* [EXERCISE DATA]
>>>

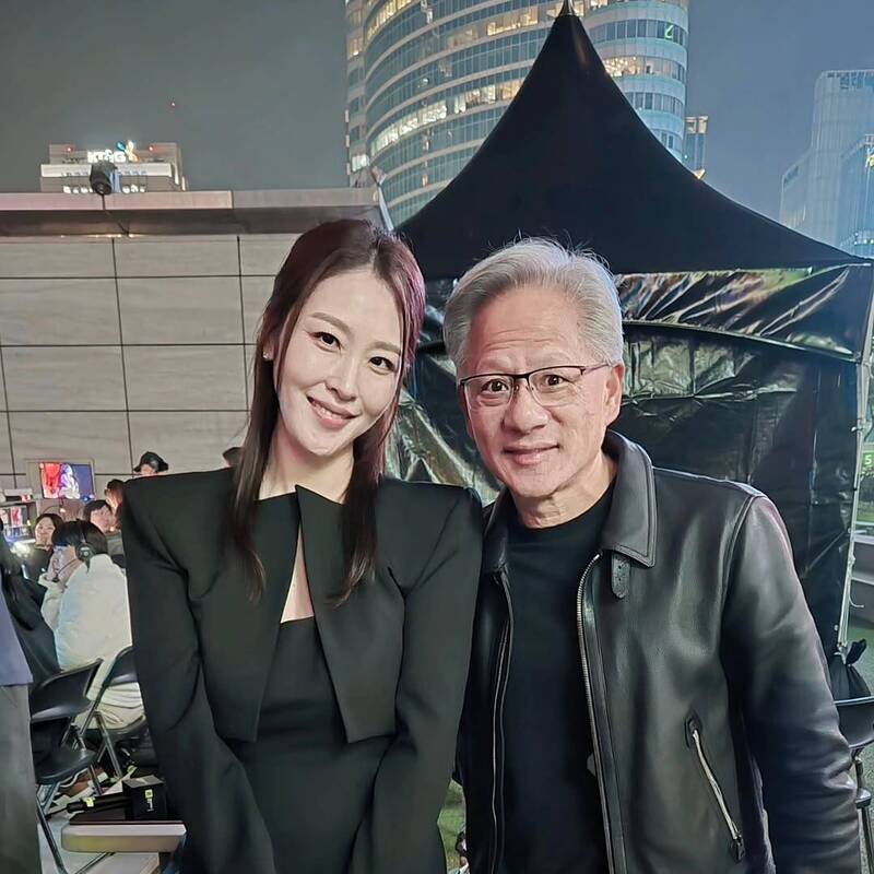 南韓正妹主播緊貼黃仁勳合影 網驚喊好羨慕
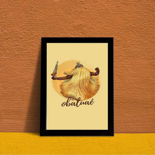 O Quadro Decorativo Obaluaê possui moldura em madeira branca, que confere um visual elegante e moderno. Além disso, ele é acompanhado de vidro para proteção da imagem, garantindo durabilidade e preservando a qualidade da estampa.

<<<
>>>

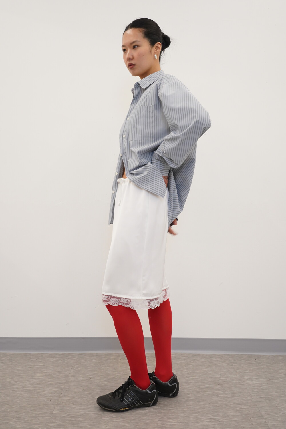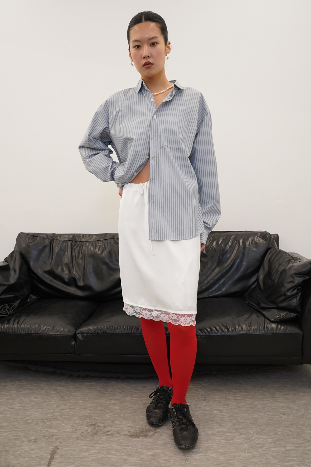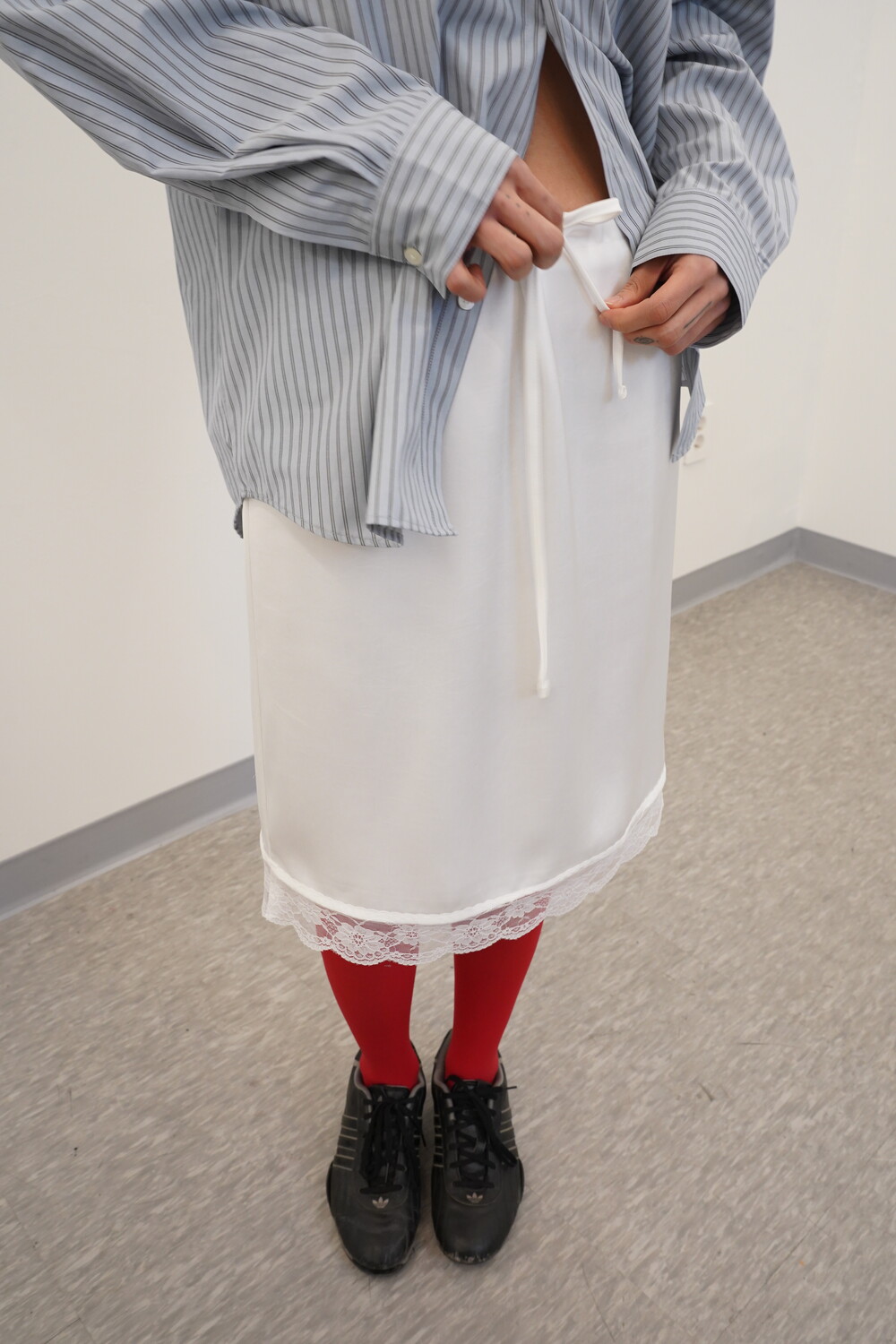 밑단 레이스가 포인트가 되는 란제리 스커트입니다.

<<<
>>>

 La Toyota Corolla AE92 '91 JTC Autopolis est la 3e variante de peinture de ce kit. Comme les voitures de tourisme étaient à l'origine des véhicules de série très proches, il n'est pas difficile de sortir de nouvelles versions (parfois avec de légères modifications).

<<<

* [WHAT THE TASK ASKS] Return exactly the lines of the material above, starting at the line containing "南韓正妹主播緊貼黃仁勳合影 網驚喊好羨慕" and finishing at the line containing "O Quadro Decorativo", without any pictures.

* [COMPLETED TASK]
 南韓正妹主播緊貼黃仁勳合影 網驚喊好羨慕
 O Quadro Decorativo Obaluaê possui moldura em madeira branca, que confere um visual elegante e moderno. Além disso, ele é acompanhado de vidro para proteção da imagem, garantindo durabilidade e preservando a qualidade da estampa.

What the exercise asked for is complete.